*Work item:* Pictures aside, reproduce exactly each line from the one holding "館內外以流動的水瀑玻璃牆為分隔,在炎熱的天氣裡,看了使人立刻消暑" through the last line of the material, both ends included.

*Extracted records:*
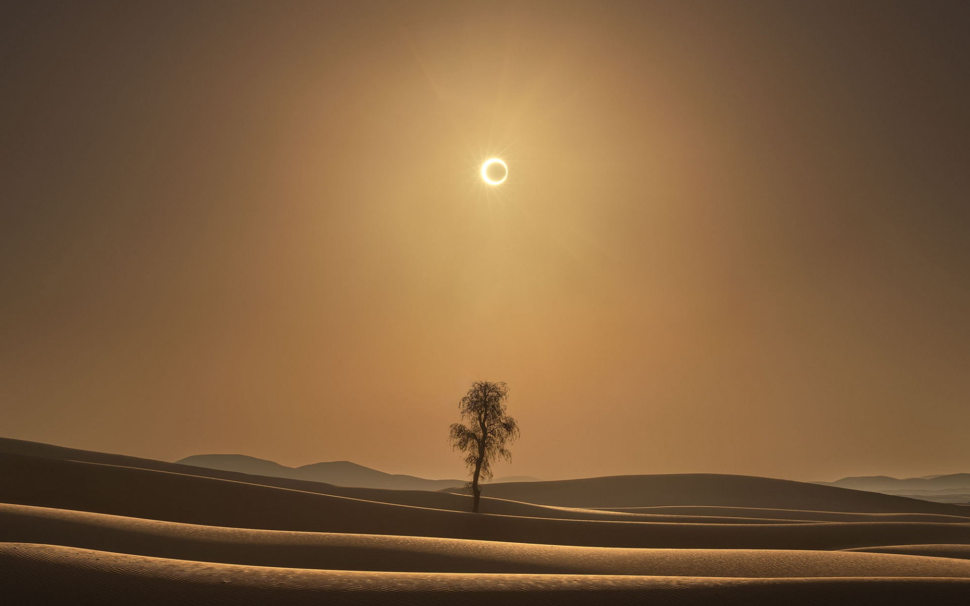 Description: A lone tree in the desert with the sun in the background and a partial eclipse in the sky above.
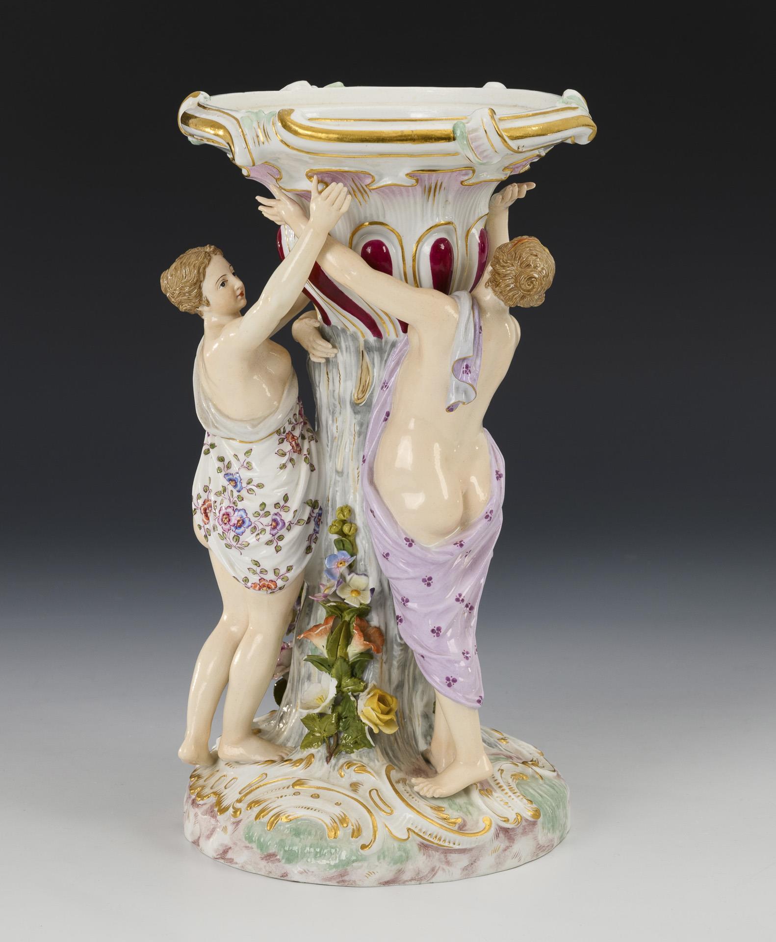 Three women standing at a flower-covered tree trunk, rocaille base. Without top bowl, some flowers chipped.
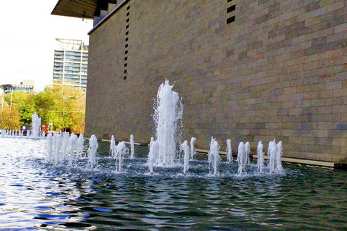 館內外以流動的水瀑玻璃牆為分隔,在炎熱的天氣裡,看了使人立刻消暑
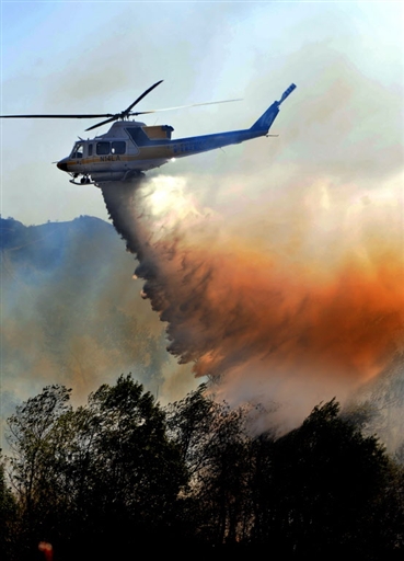圖為直升機(jī)在空中進(jìn)行滅火工作。
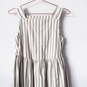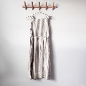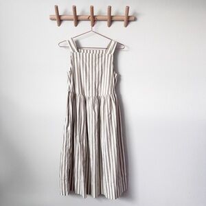 In excellent condition with no visible flaws midi dress with a square neckline. Features beige and white stripes. Ideal for casual wear. This dress has pockets.
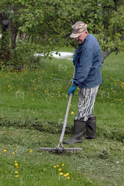 Мужчина собирает листья
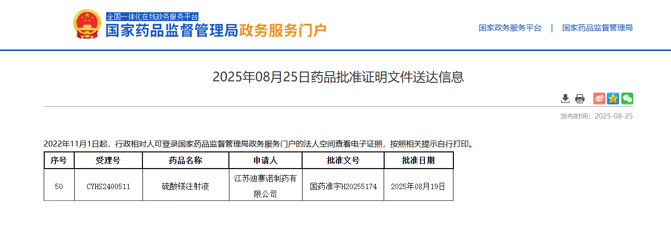 近日,九州在线收到国家药品监督管理局签发的硫酸镁注射液获批信息通知,并在国家药品监督管理局政务服务门户平台公示。
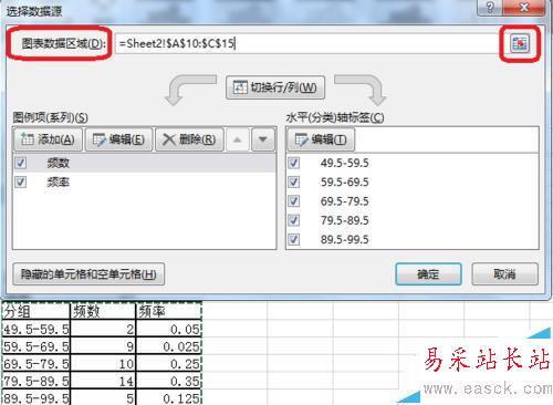2、如圖所示,圖表數據區域——選擇整個圖表——點擊確定。
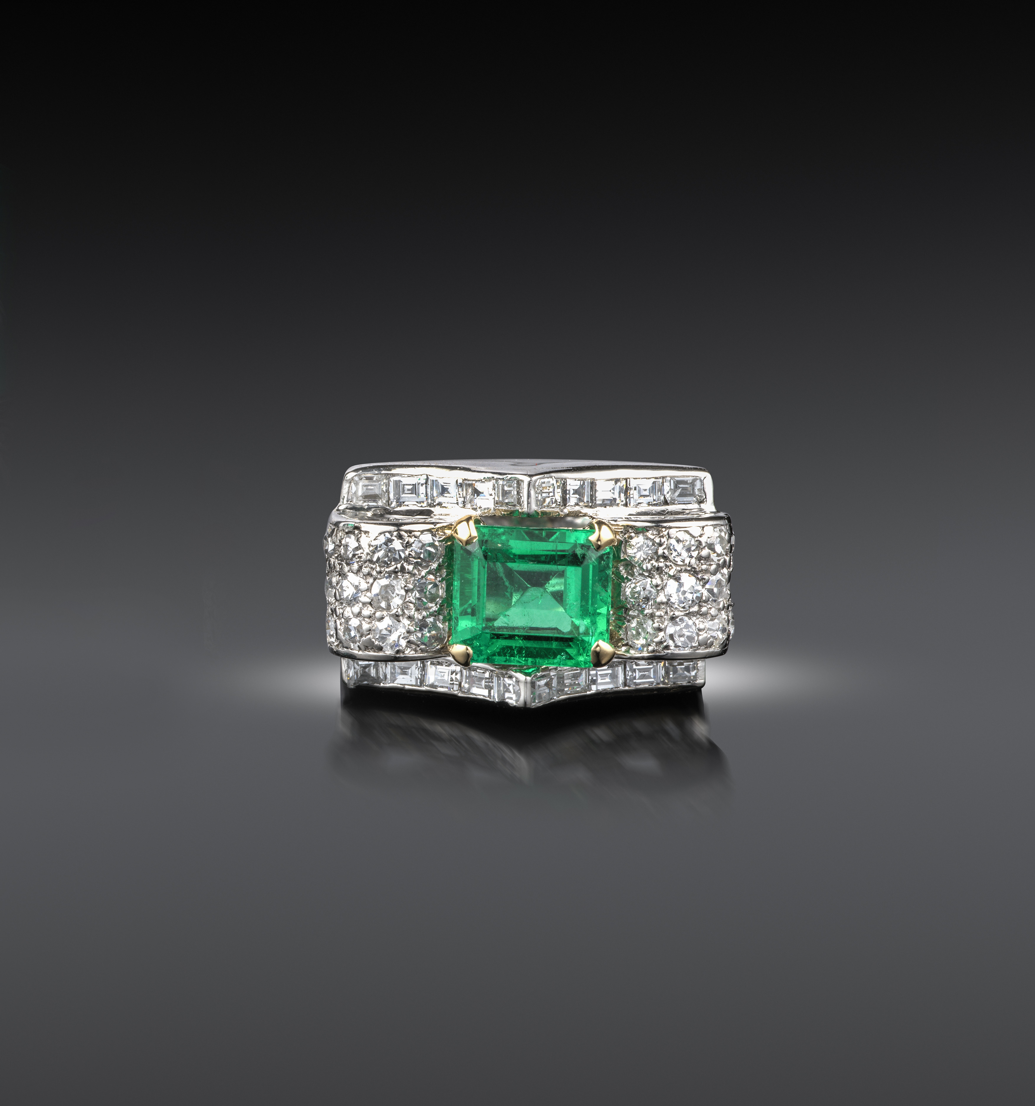 An emerald and diamond-set Odeonesque ring, C1935, the emerald-cut emerald weighs 2.07cts with pave-set round circular-cut diamond raised scroll shoulders and baguette-shaped diamond raised borders in platinum, indistinct letters and numbers stamped to upper inside shank, size H 1/2

*Written answer:*
 館內外以流動的水瀑玻璃牆為分隔,在炎熱的天氣裡,看了使人立刻消暑
圖為直升機(jī)在空中進(jìn)行滅火工作。
 In excellent condition with no visible flaws midi dress with a square neckline. Features beige and white stripes. Ideal for casual wear. This dress has pockets.
 Мужчина собирает листья
 近日,九州在线收到国家药品监督管理局签发的硫酸镁注射液获批信息通知,并在国家药品监督管理局政务服务门户平台公示。
2、如圖所示,圖表數據區域——選擇整個圖表——點擊確定。
 An emerald and diamond-set Odeonesque ring, C1935, the emerald-cut emerald weighs 2.07cts with pave-set round circular-cut diamond raised scroll shoulders and baguette-shaped diamond raised borders in platinum, indistinct letters and numbers stamped to upper inside shank, size H 1/2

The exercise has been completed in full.